In questi termini, la progettazione per componenti, gerarchizzando e disponendo il componente secondo una sintesi che ubbidisce ad una strategia formale, assume il ruolo di forma analitica della composizione architettonica, intrecciando discipline quali la tecnologia, la scienza dei materiali, la statica, e processi quali il trasferimento tecnologico, la produzione, la cantierizzazione, ecc.: un procedimento, proprio dell’architettura, di ricerca per forma (al pari di un sistema complesso) di un equilibrio (im)possibile tra sistemi differenti, secondo una concezione olistica dei manufatti.
Si tratta, in sintesi, di un procedimento che tende all’individuazione di una unità minima complessa della costruzione (costituita da prodotti semplici raggruppati in un tutto unitario), avente carattere seriale, producibile industrialmente, con caratteristiche di prestazionalità e cooordinazione modulare, tale da essere intercambiabile e permutabile, da porre in opera secondo la modalità del cantiere a secco, quindi per assemblaggio-montaggio. Una produzione industriale in serie limitata, che oggi si chiama mass-custumisation, cioè una prefabbricazione che fa proprie le economie di sistema, diversa dalla prefabbricazione di serie dei sistemi cosiddetti aperti.
Nella prima età della macchina
La progettazione per componenti, che sottende la confluenza di differenti conoscenze disciplinari, tra invenzione architettonica e innovazione tecnica, affonda le proprie origini nel cuore del modernismo architettonico (il Deutscher Werkbund ed il Staatliches Bauhaus).
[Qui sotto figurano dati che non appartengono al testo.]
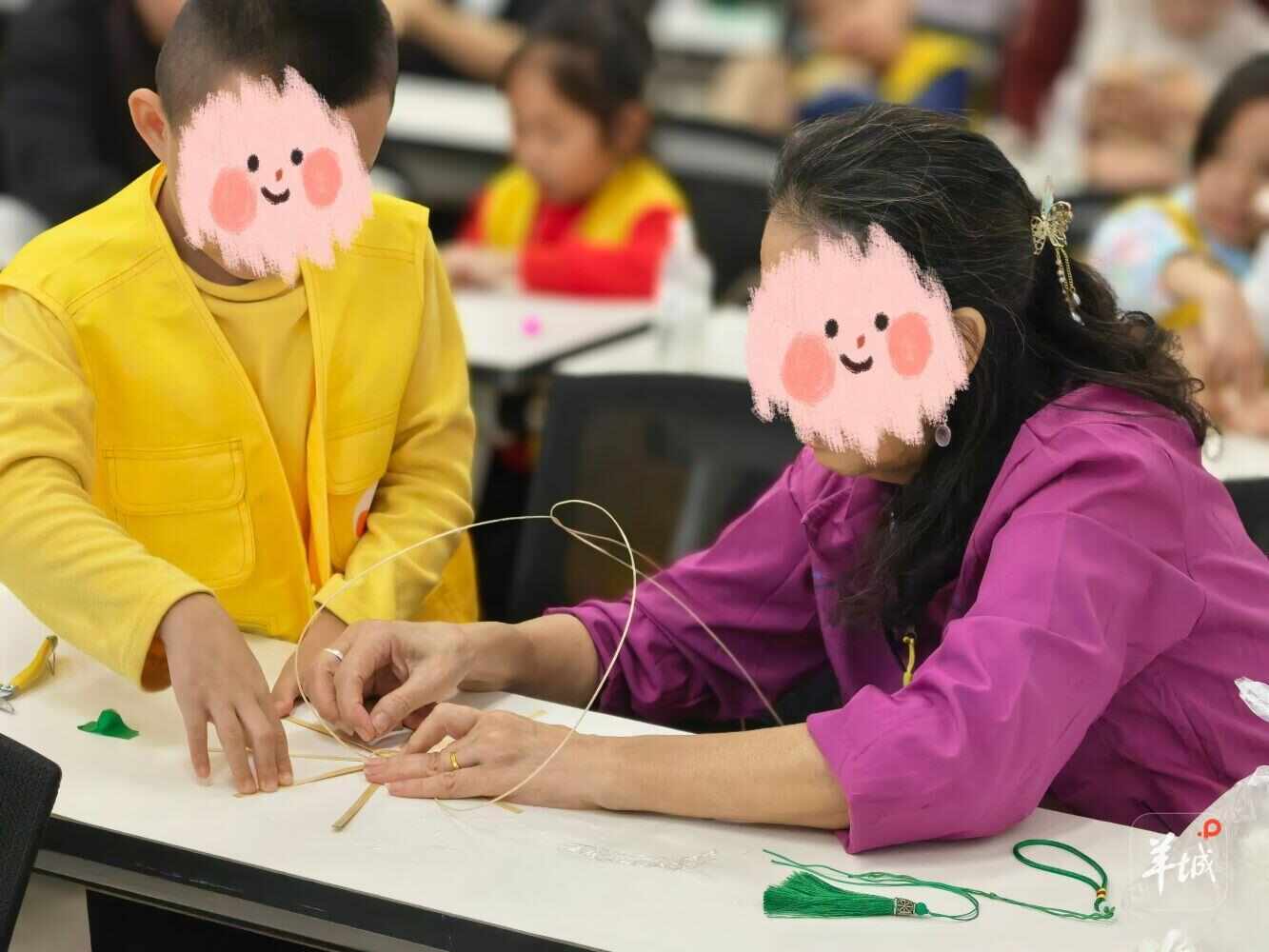 活动的第二站来到了非遗竹编手作体验课堂,竹编老师详细讲解了竹编的历史渊源、文化价值及基础编织技法,随后手把手指导大家动手创作。孩子们屏息凝神地穿、编、绕,家长们则在一旁耐心协助、默契配合,在指尖的协作中拉近了心灵距离。当一个个精致的竹编作品从手中诞生,孩子们的脸上满是成就感与自豪感。

Nel suo svolgersi storico (parafrasando il titolo del celebre saggio di Reyner Banham, Architettura della prima età della macchina), dalla prima alla seconda età della macchina, fino all’età dell’informatica, si sviluppa con le prime costruzioni a secco dei Maestri del ferro e del cemento, per svilupparsi secondo diverse declinazioni, fino ad un presente dominato dai ‘nuovi’ materiali (dai compositi ai nanomateriali, dalle plastiche ai tessili) e dalle nuove forme non euclidee generate al computer.
L’epifania figurativa delle costruzioni per componenti avviene con Buckminster Fuller, Konrad Wachsmann e soprattutto con Jean Prouvé. A partire dagli anni ’20 del novecento, Prouvé prefigura con la sua ricerca sulla prefabbricazione leggera in acciaio e alluminio, una forma di composizione modulare fondata su ‘idee costruttive’, impostate sul trasferimento tecnologico dall’industria automobilistica e aereonautica, sui nuovi materiali e sulle tecnologie della loro lavorazione, le lamiere e la loro piegatura, la saldatura, ecc., per realizzare edifici in carpenteria metallica leggera per componenti, in officina, da montare a secco, in cantiere. Sotto lo slogan ne rien dessiner que on ne puisse construire, egli promuove nuove relazioni tra struttura e involucro architettonico, con la realizzazione di componenti complessi ripetibili: dalla struttura a telaio tamponata da pannelli modulari complessi, culminante nel progetto della Maison du Peuple a Clichy, con Beudouin e Lods e l’ingegnere aereonautico Bodiansky (1936-38), fino alle scocche autoportanti in alluminio delle case prefabbricate del dopoguerra (Maison Alba, 1961 e altre).
Traghettando dall’ingegneria all’architettura il cemento armato e sviluppandone o inventandone nuove applicazioni, Pier Luigi Nervi applica i principi preconizzati nel suo ‘Scienza o arte del costruire’ (1945), in edifici fondati sulla ripetizione di un numero limitato di componenti realizzati a piè d’opera, documentando poi sul suo ‘Costruire correttamente’ (1965), gli esiti più rilevanti. Inventando il ferrocemento e ponendolo al servizio della prefabbricazione strutturale, cioè portando ‘l’industria in cantiere’, egli mette a disposizione della sua immaginazione costruttiva la possibilità di realizzare componenti attraverso la messa in opera di casseri a perdere eseguiti sulla base di un numero ristretto di elementi, eliminando l’onere della carpenteria in legno per la casseratura. Solo così egli può realizzare le sue celebri coperture, veri e propri organismi strutturali definiti sulla base della scomposizione delle forze agenti secondo le regole della statica grafica.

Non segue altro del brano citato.